◆ Excerpts from a dataset ◆
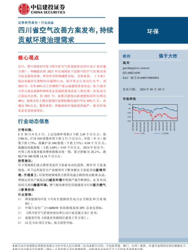 【中信建投证券】【20240909】环保行业:四川省空气改善方案发布,持续贡献环境治理需求-11页
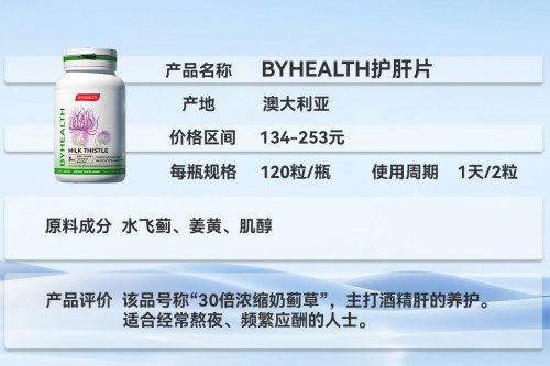 BYHEALTH 护肝片在成分、吸收、效果上主打 “肝肠双护”。成分上,奶蓟草保护肝细胞,活性益生菌改善肠道环境,减少肠道毒素对肝脏的间接影响。吸收上,益生菌经微囊包埋技术处理,能抵御胃酸侵蚀,顺利到达肠道定植,奶蓟草成分则以普通片剂形式稳定释放。效果上,适合肠胃敏感人群,服用后既能缓解肝脏不适,又能改善腹胀、消化不良等肠道问题,实现肝肠协同养护。
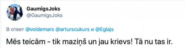 Это крайне трогательно для политика, в чьем государстве имитируются паспорта с более чем конкретно надписью «ALIENS», что полностью отражают реплики комментаторов в исключительно внтурилатышском разговоре на русскую тему.
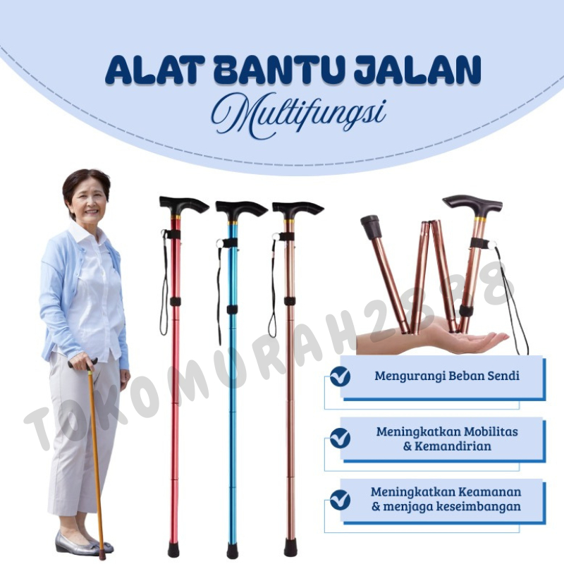TONGKAT LIPAT BANTU JALAN DENGAN SENTER LED/ TONGKAT JALAN MANULA LIPAT DENGAN LAMPU SENTER
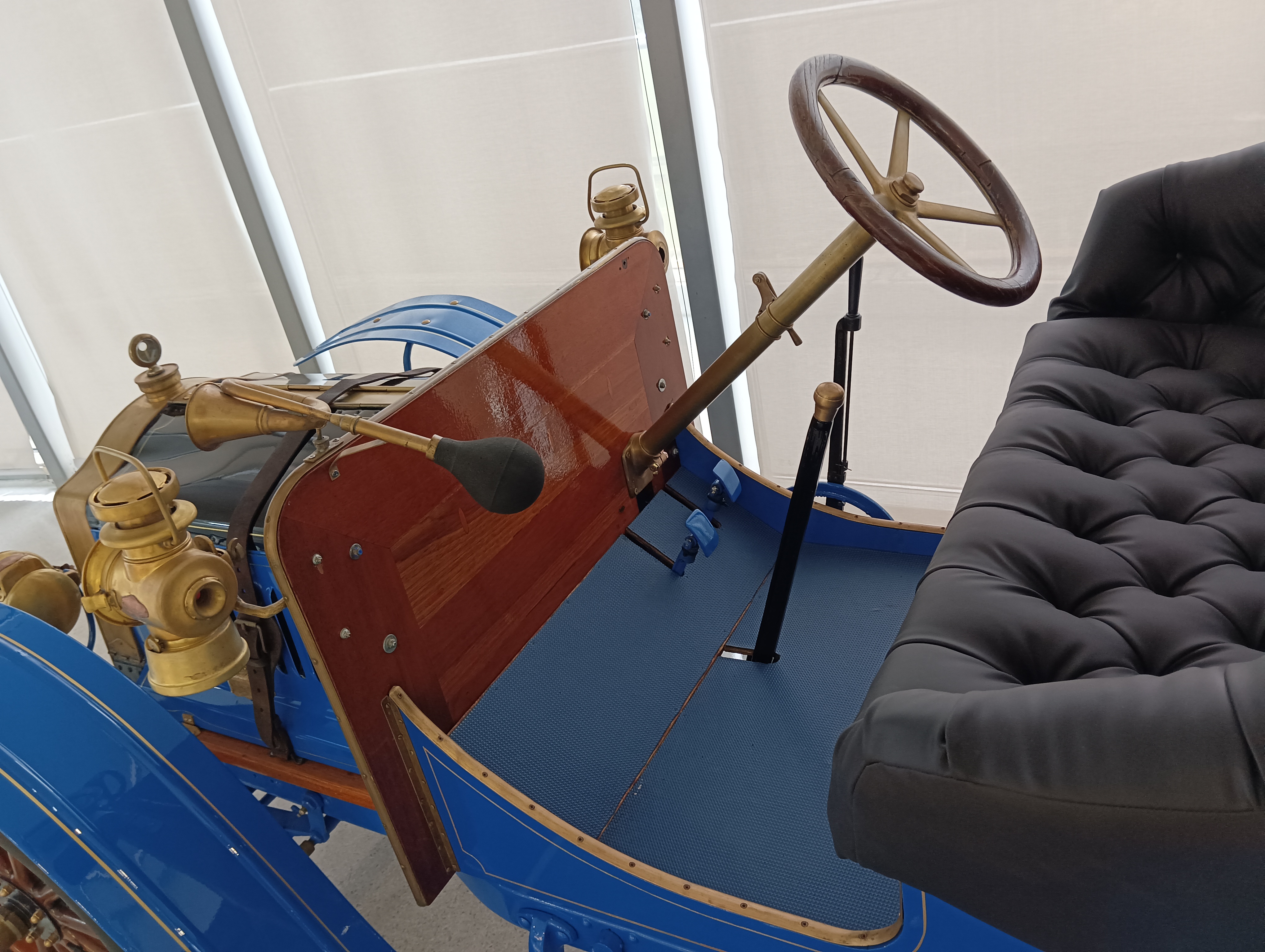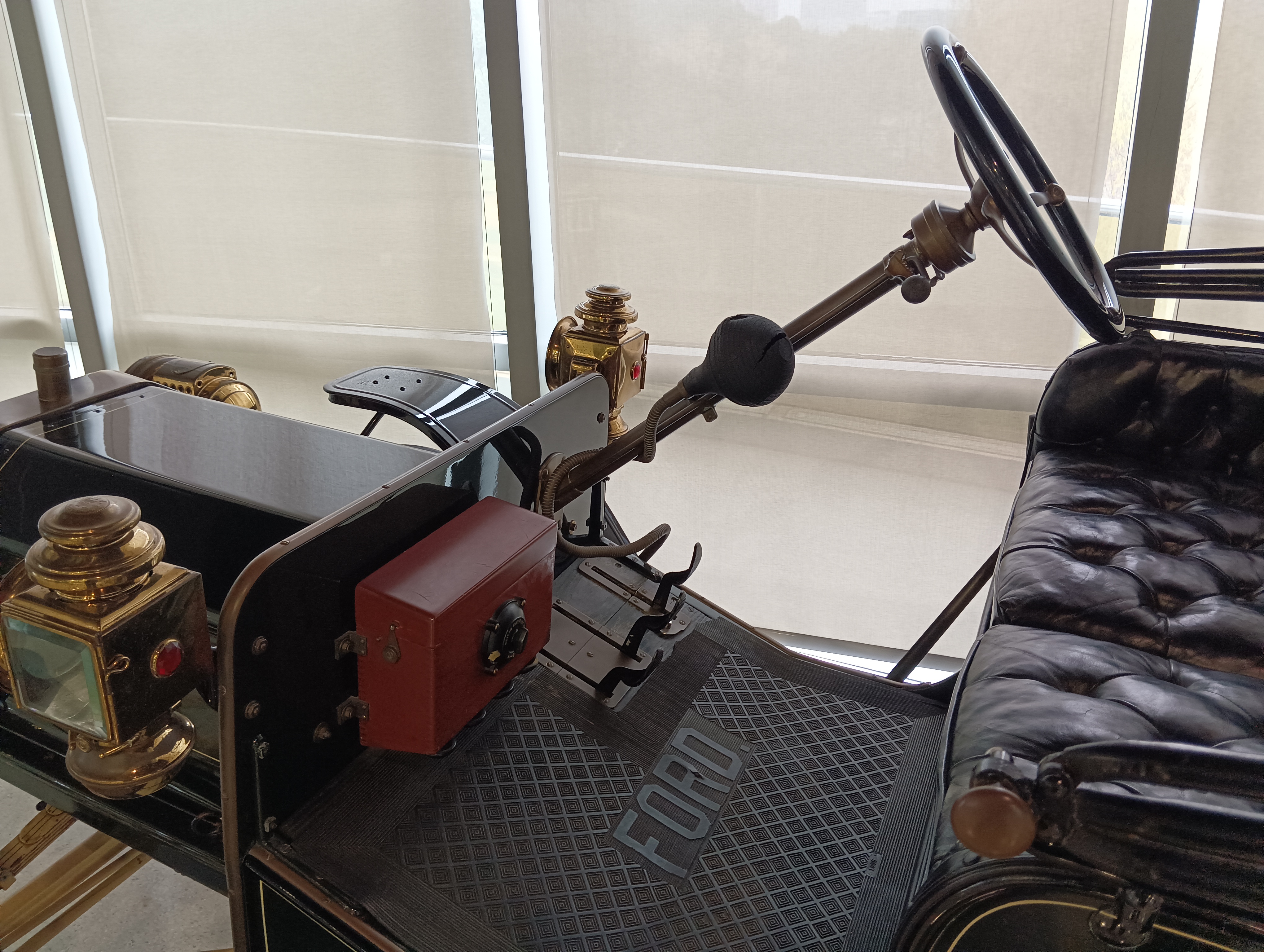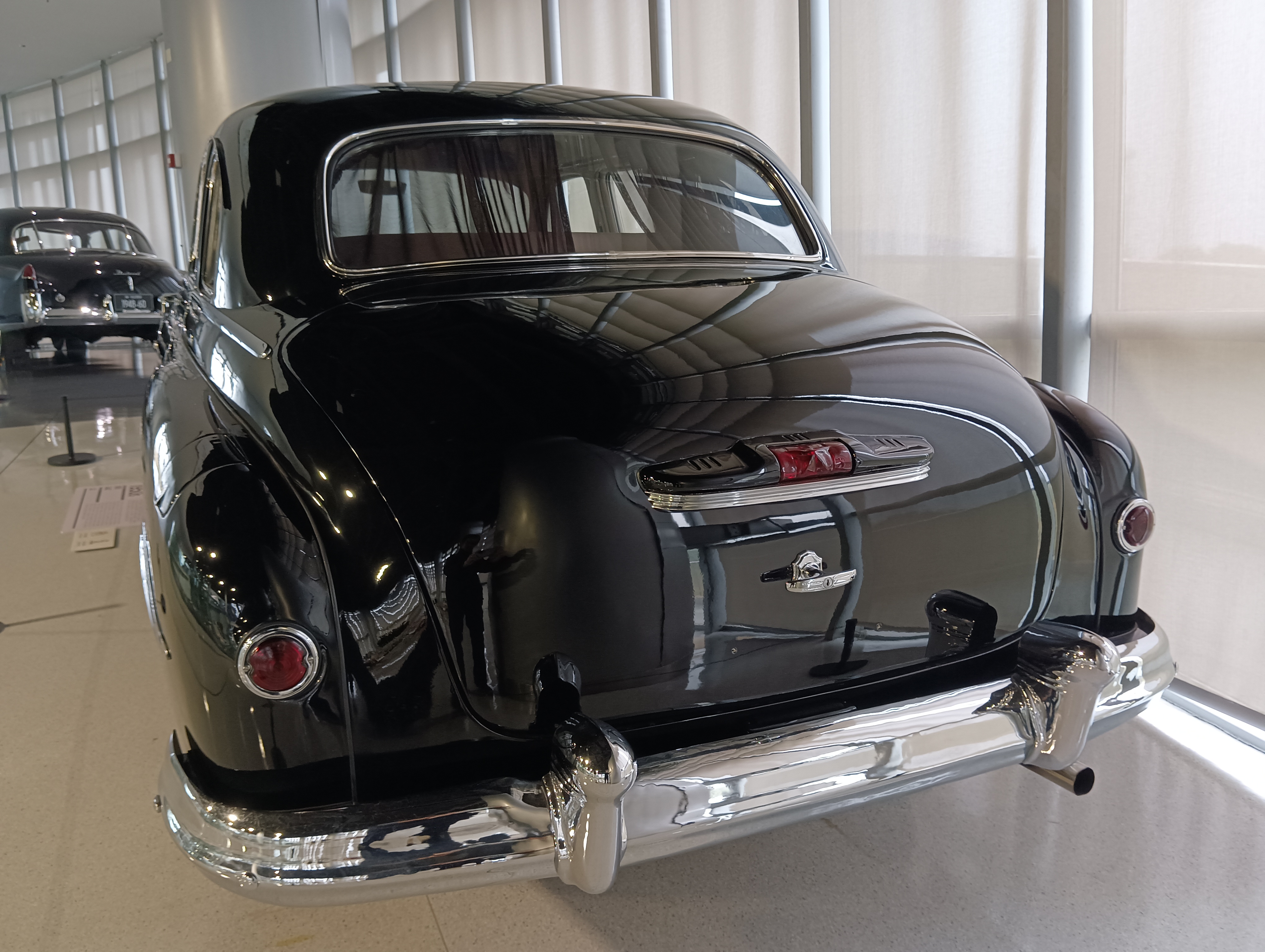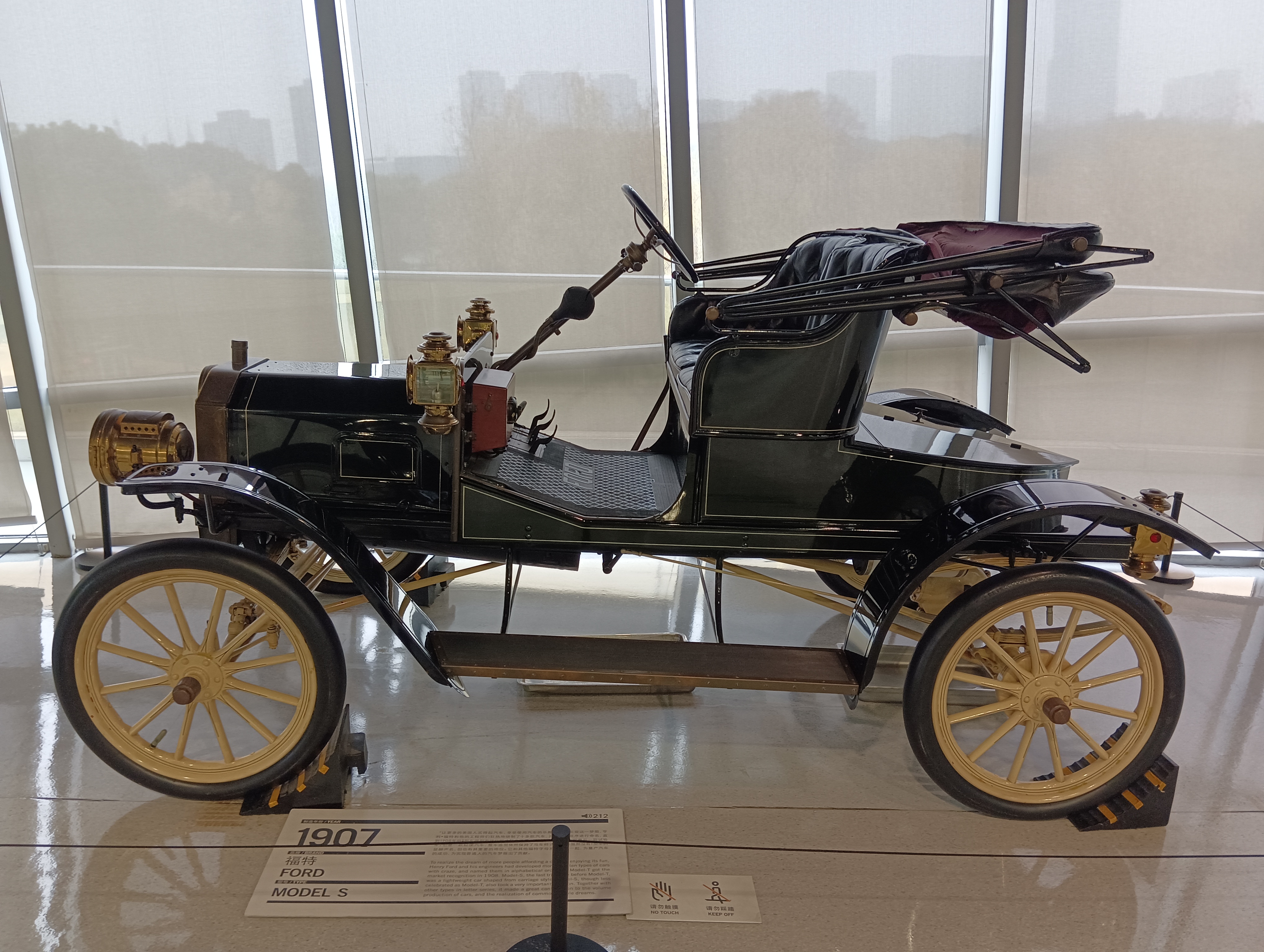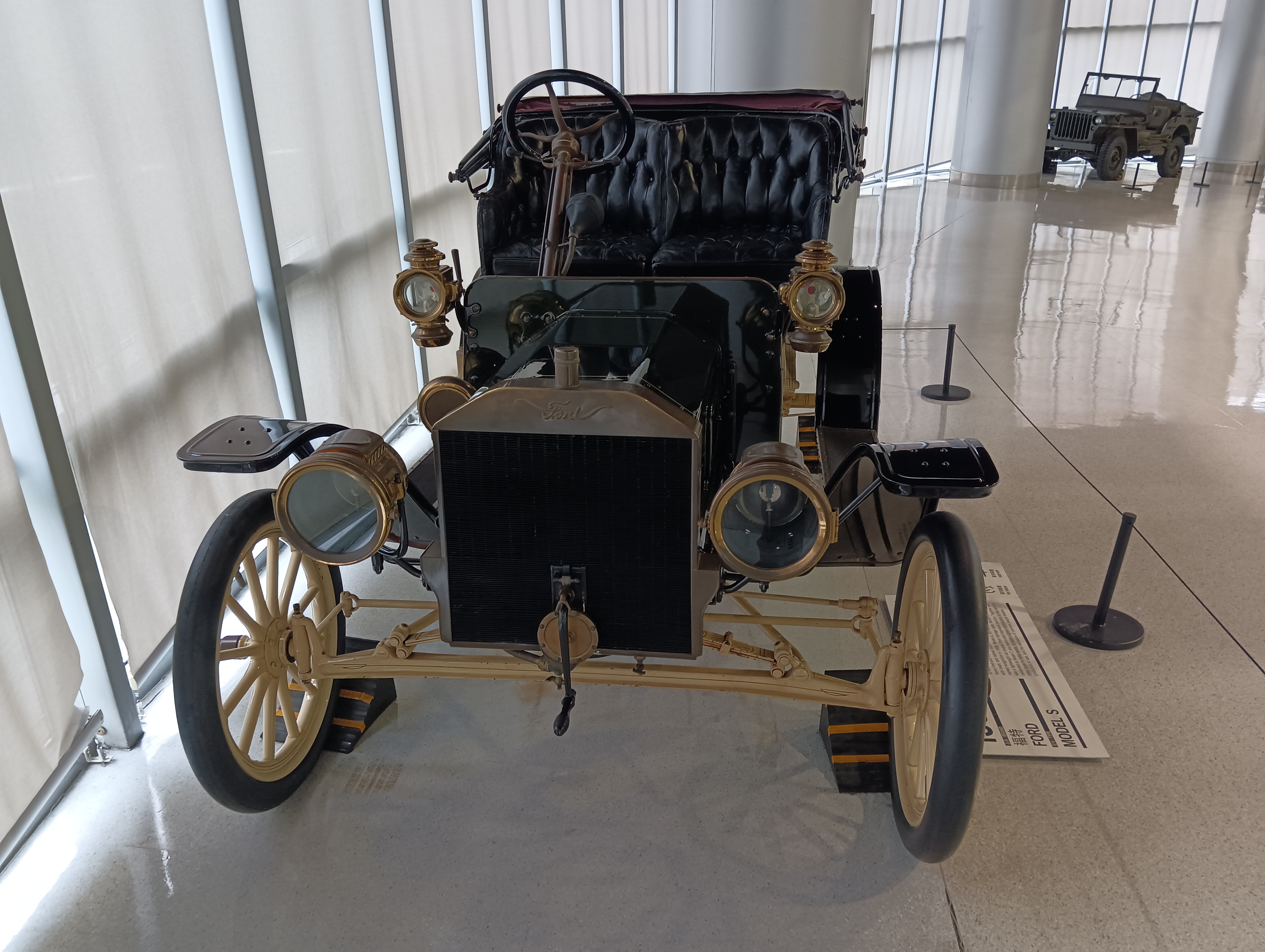 整个博物馆室内是一个四层环形结构,每层之间通过环形坡道连接,坡道上也停了一些展品车。

◆ What you need to do ◆
Please copy the records above word for word, omitting every picture.

◆ The answer ◆
 【中信建投证券】【20240909】环保行业:四川省空气改善方案发布,持续贡献环境治理需求-11页
 BYHEALTH 护肝片在成分、吸收、效果上主打 “肝肠双护”。成分上,奶蓟草保护肝细胞,活性益生菌改善肠道环境,减少肠道毒素对肝脏的间接影响。吸收上,益生菌经微囊包埋技术处理,能抵御胃酸侵蚀,顺利到达肠道定植,奶蓟草成分则以普通片剂形式稳定释放。效果上,适合肠胃敏感人群,服用后既能缓解肝脏不适,又能改善腹胀、消化不良等肠道问题,实现肝肠协同养护。
 Это крайне трогательно для политика, в чьем государстве имитируются паспорта с более чем конкретно надписью «ALIENS», что полностью отражают реплики комментаторов в исключительно внтурилатышском разговоре на русскую тему.
TONGKAT LIPAT BANTU JALAN DENGAN SENTER LED/ TONGKAT JALAN MANULA LIPAT DENGAN LAMPU SENTER
 整个博物馆室内是一个四层环形结构,每层之间通过环形坡道连接,坡道上也停了一些展品车。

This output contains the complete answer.